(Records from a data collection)
-=-=-

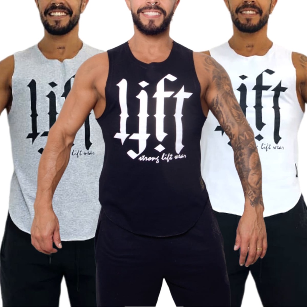 Regata Masculina Cavada Longline Fitness Academia Estampa Strong Lift Dia dos Pais Namorado.
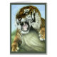 コレクターは大きな猫およびトラの恋人のために梳きます: うなるトラは、彼の犠牲を跳ぶために用意します。
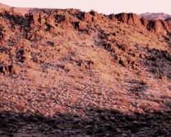 The Dome rises 1,500 feet (460 m) above the volcanic plain, 2,132 to 4,950 feet (650 to 1,509 m) high, and covers 70-square-miles (180 km2). Cima Dome is an extremely symmetric dome of this granitic formation type, and one of the most visible ones by being in open desert plains, if you know what not to look for that is.
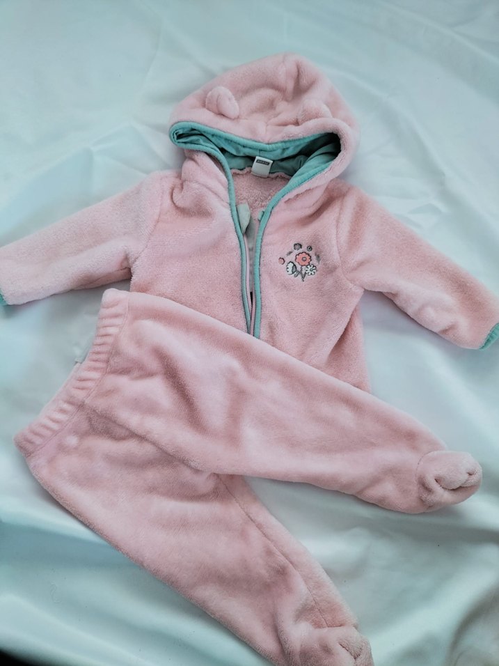 Pastel pembe renkli, kapüşonlu ve nakışlı bebek tulumu. Fermuarlı önü ve yumuşak, sıcak kumaşıyla rahatlık sağlar. ❄️ 3-6 ay bebek takımı
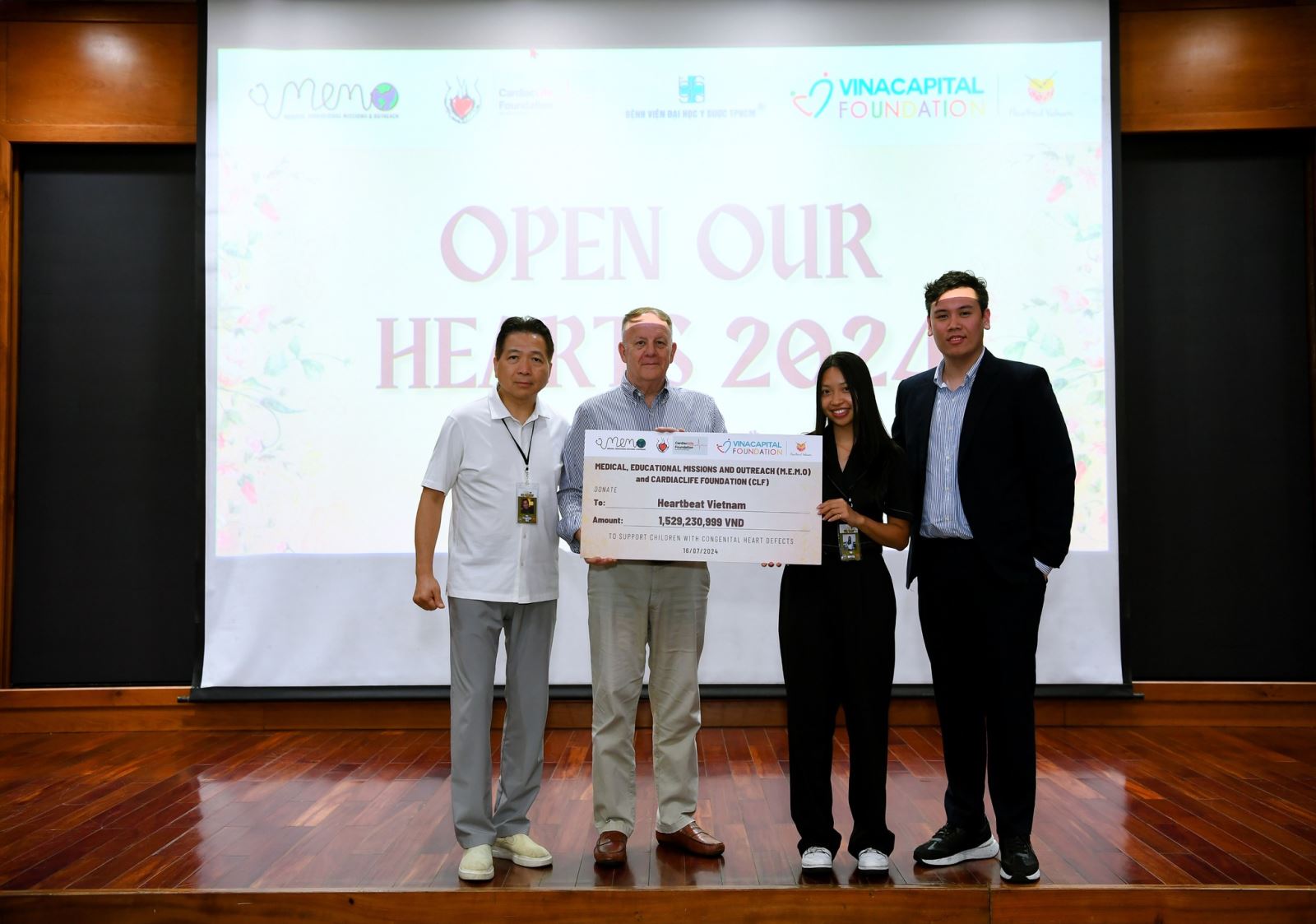Trong buổi gặp mặt, đại diện VinaCapital Foundation và MEMO đã trao tặng gần 1,6 tỉ VNĐ để hỗ trợ phẫu thuật tim cho 21 em nhỏ trong năm 2024, mang lại những hy vọng và cơ hội sống mới cho các gia đình.
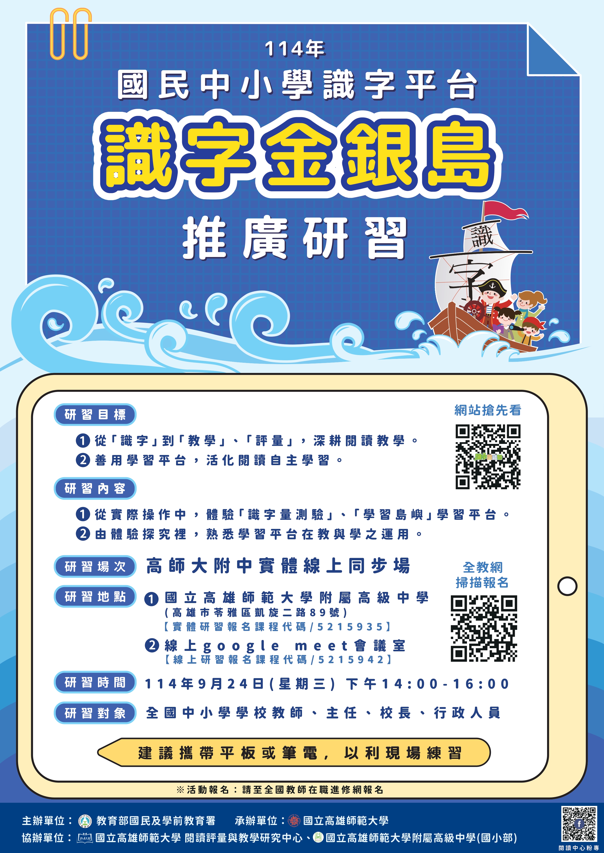 (一)本研習將介紹「識字金銀島」數位整合學習平臺,針對 其「識字量測驗」與「學習島嶼」等核心功能進行介紹 與實作,協助教師應用於國中小教學現場,熟悉操作方 式以提升教學成效。
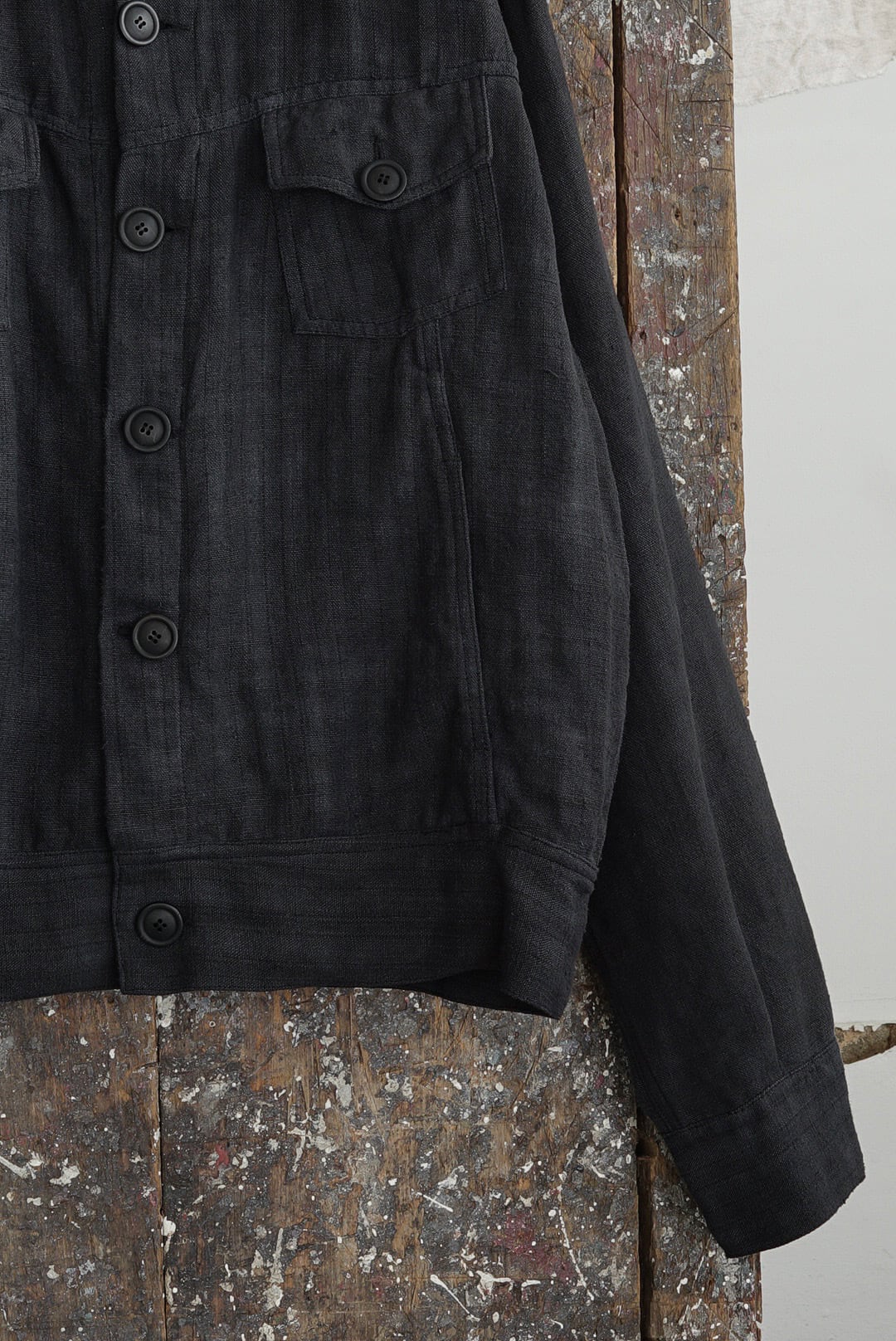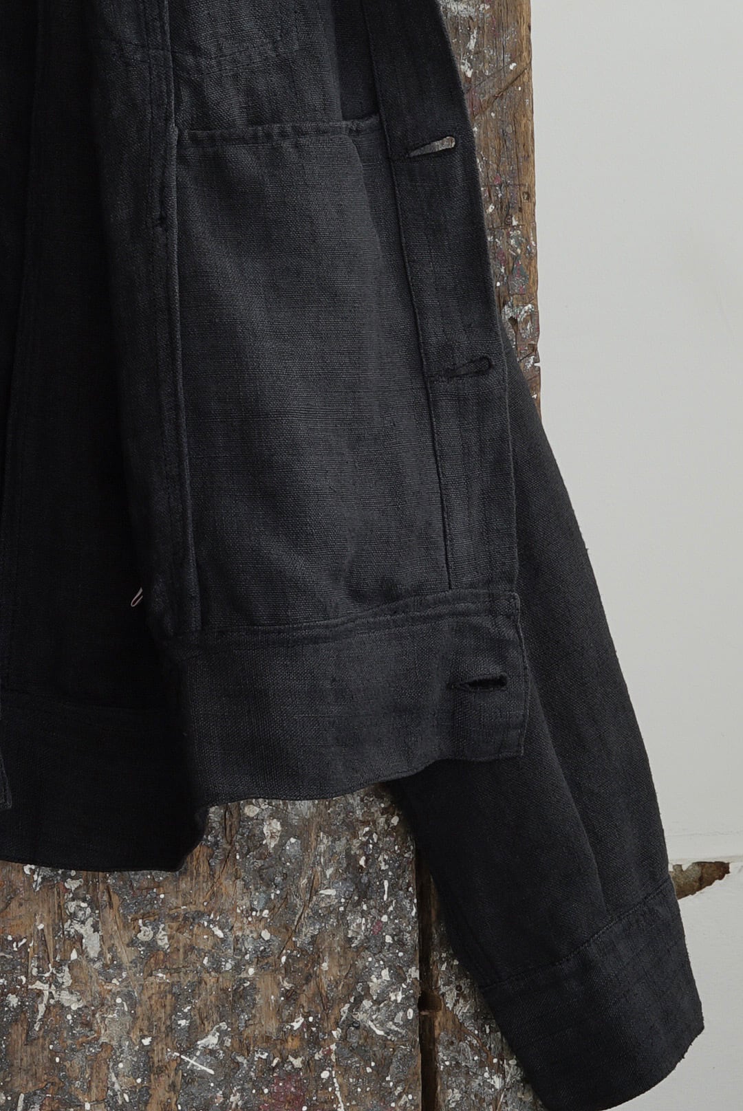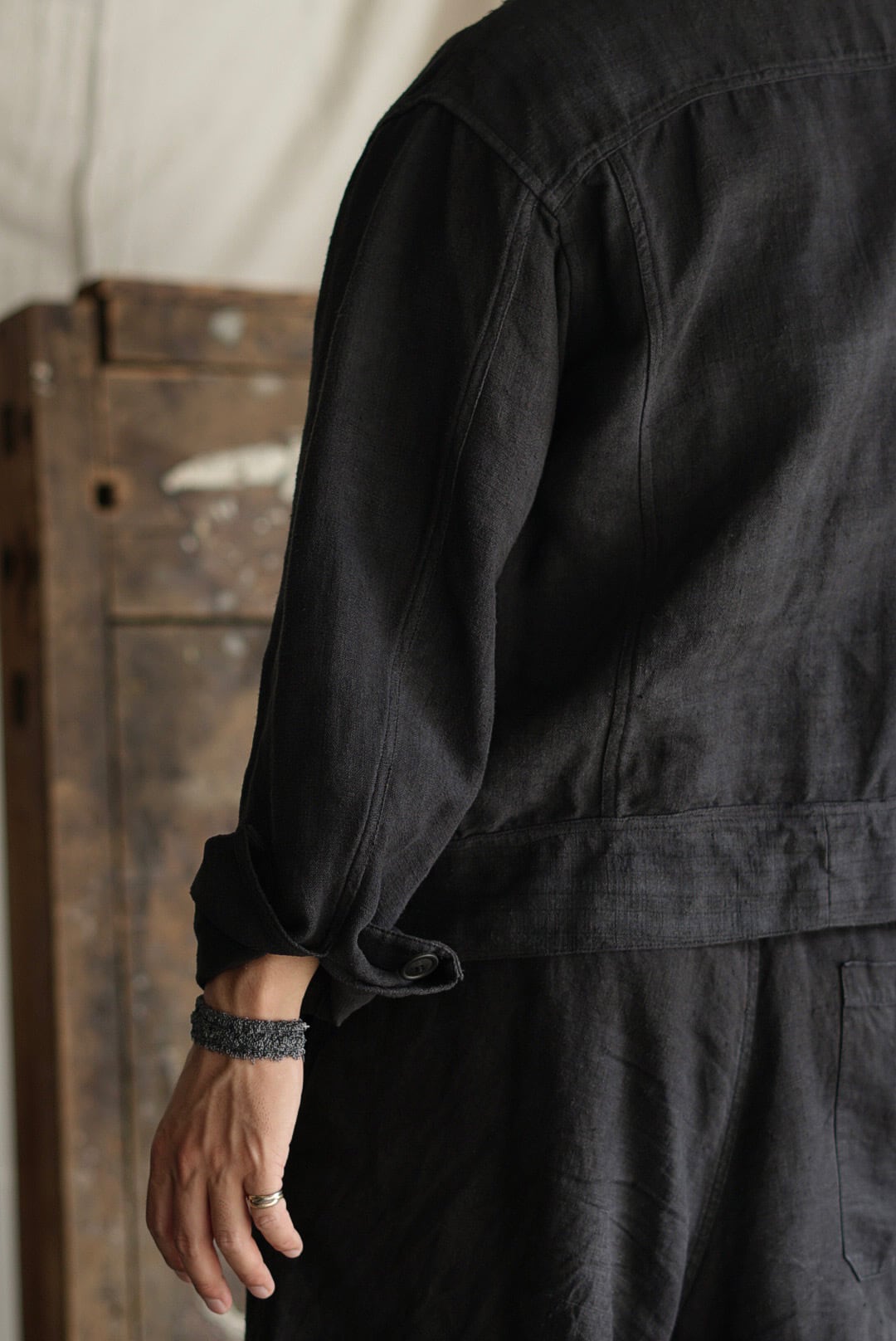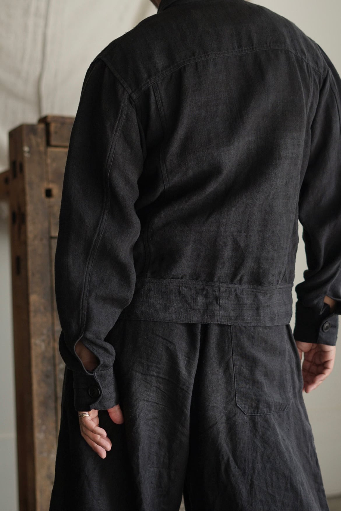 「VINCENT JALBERT」のシグネットファブリック、ヴィンテージフレンチリネン(1900年代初頭)を使用したデニムタイプジャケット。現行の統制された生地にはない、ホームスパンならではのネップやスラブが自然な表情として製品に存在感をもたらしています。それぞれに個性があり、ひとつとして同じ物が存在しないアイテム。着込み洗濯を重ねることで、ソフトな風合いを増してゆき、着用者の身体に馴染み寄り添い、時を経て各々のヴィンテージとなっていく存在。ガーメンドダイ(製品染)による、フェード気味のブラックは柔らかな色調です。フロントにチェスト&サイドポケット、インサイドにも2ポケットのユーティリティディテール。
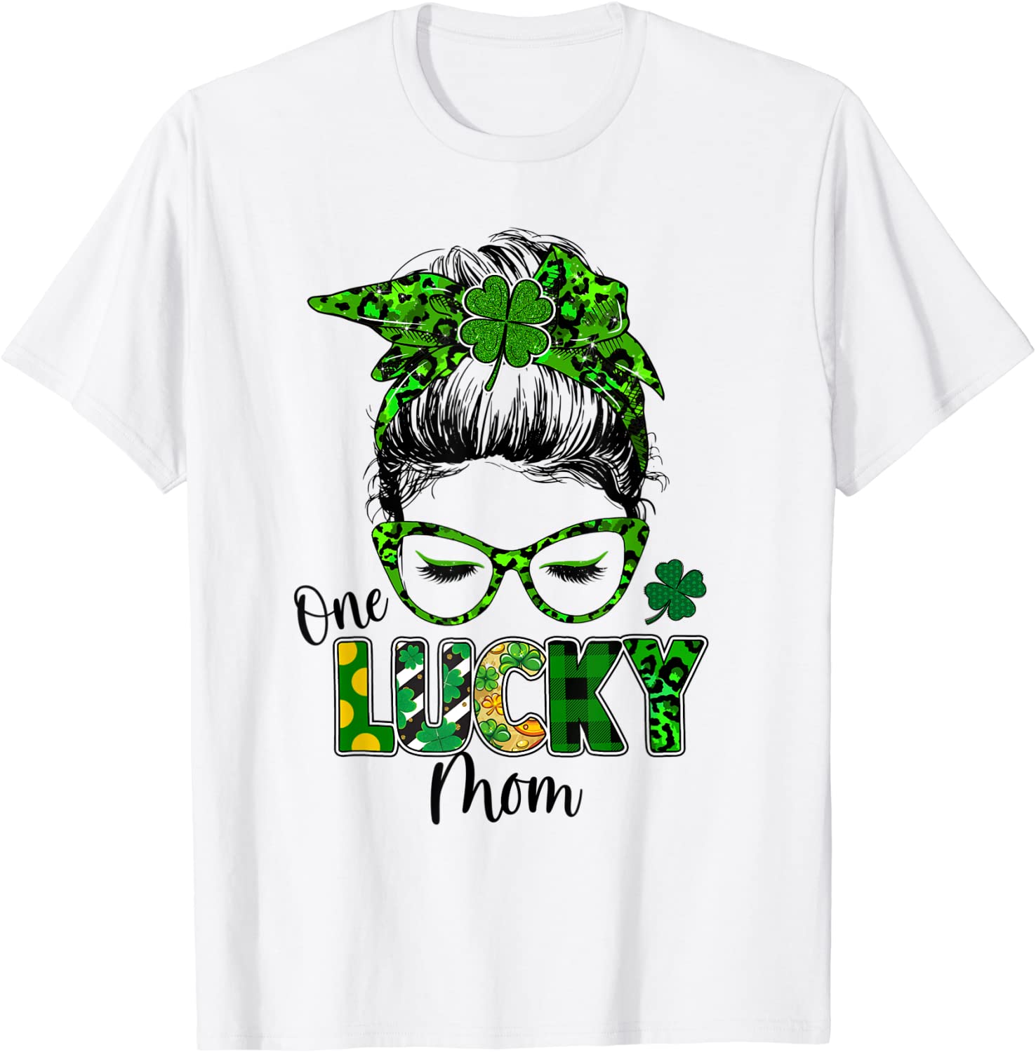 One Lucky Mom Messy Bun Shamrock St Patrick’s Day Unisex Shirt
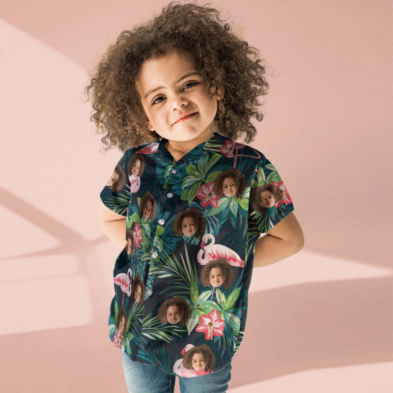 Custom Dog Face Shirt Kid's Hawaiian Shirt Flamingo Flower
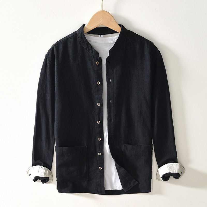Chinese-style Stand Collar Ramie Long-sleeved Shirt Breathable Linen Casual Chinese-style Shirt For Men Black XL
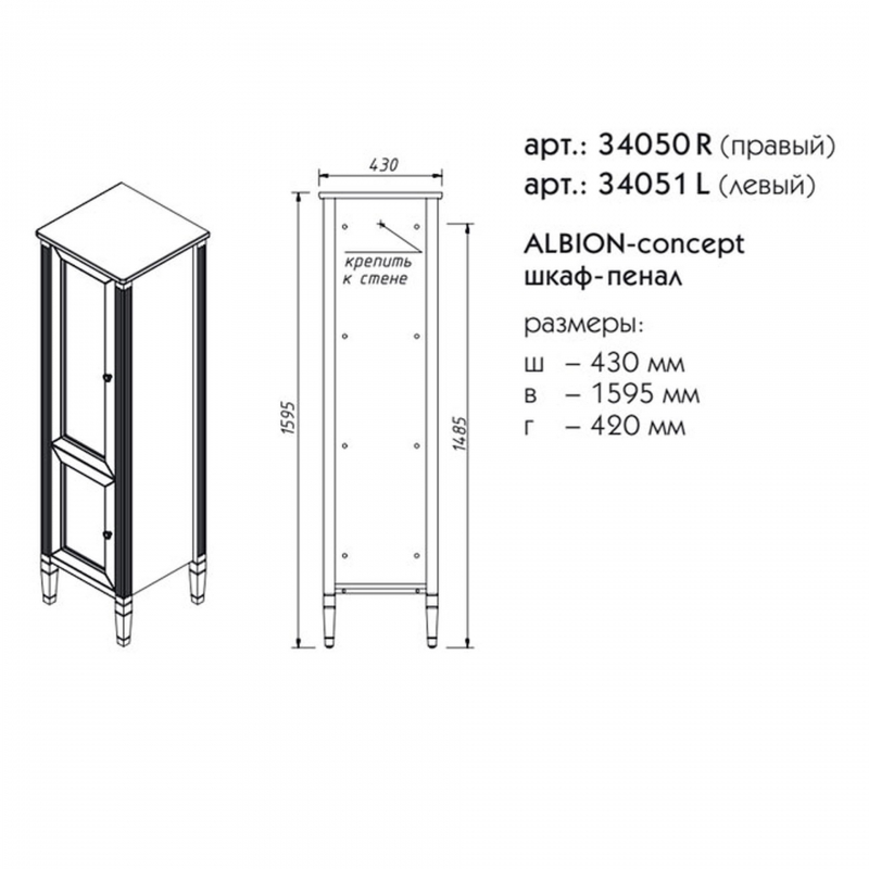 Шкаф-пенал Albion Concept — это стильное и функциональное решение для организации хранения в ванной комнате. Модель отличается современным дизайном и высоким качеством исполнения.

-=-=-

EXERCISE AIM: The records above should be retyped in full and exactly; omit the pictures.

RESULT:
 Regata Masculina Cavada Longline Fitness Academia Estampa Strong Lift Dia dos Pais Namorado.
 コレクターは大きな猫およびトラの恋人のために梳きます: うなるトラは、彼の犠牲を跳ぶために用意します。
 The Dome rises 1,500 feet (460 m) above the volcanic plain, 2,132 to 4,950 feet (650 to 1,509 m) high, and covers 70-square-miles (180 km2). Cima Dome is an extremely symmetric dome of this granitic formation type, and one of the most visible ones by being in open desert plains, if you know what not to look for that is.
 Pastel pembe renkli, kapüşonlu ve nakışlı bebek tulumu. Fermuarlı önü ve yumuşak, sıcak kumaşıyla rahatlık sağlar. ❄️ 3-6 ay bebek takımı
Trong buổi gặp mặt, đại diện VinaCapital Foundation và MEMO đã trao tặng gần 1,6 tỉ VNĐ để hỗ trợ phẫu thuật tim cho 21 em nhỏ trong năm 2024, mang lại những hy vọng và cơ hội sống mới cho các gia đình.
 (一)本研習將介紹「識字金銀島」數位整合學習平臺,針對 其「識字量測驗」與「學習島嶼」等核心功能進行介紹 與實作,協助教師應用於國中小教學現場,熟悉操作方 式以提升教學成效。
 「VINCENT JALBERT」のシグネットファブリック、ヴィンテージフレンチリネン(1900年代初頭)を使用したデニムタイプジャケット。現行の統制された生地にはない、ホームスパンならではのネップやスラブが自然な表情として製品に存在感をもたらしています。それぞれに個性があり、ひとつとして同じ物が存在しないアイテム。着込み洗濯を重ねることで、ソフトな風合いを増してゆき、着用者の身体に馴染み寄り添い、時を経て各々のヴィンテージとなっていく存在。ガーメンドダイ(製品染)による、フェード気味のブラックは柔らかな色調です。フロントにチェスト&サイドポケット、インサイドにも2ポケットのユーティリティディテール。
 One Lucky Mom Messy Bun Shamrock St Patrick’s Day Unisex Shirt
 Custom Dog Face Shirt Kid's Hawaiian Shirt Flamingo Flower
Chinese-style Stand Collar Ramie Long-sleeved Shirt Breathable Linen Casual Chinese-style Shirt For Men Black XL
 Шкаф-пенал Albion Concept — это стильное и функциональное решение для организации хранения в ванной комнате. Модель отличается современным дизайном и высоким качеством исполнения.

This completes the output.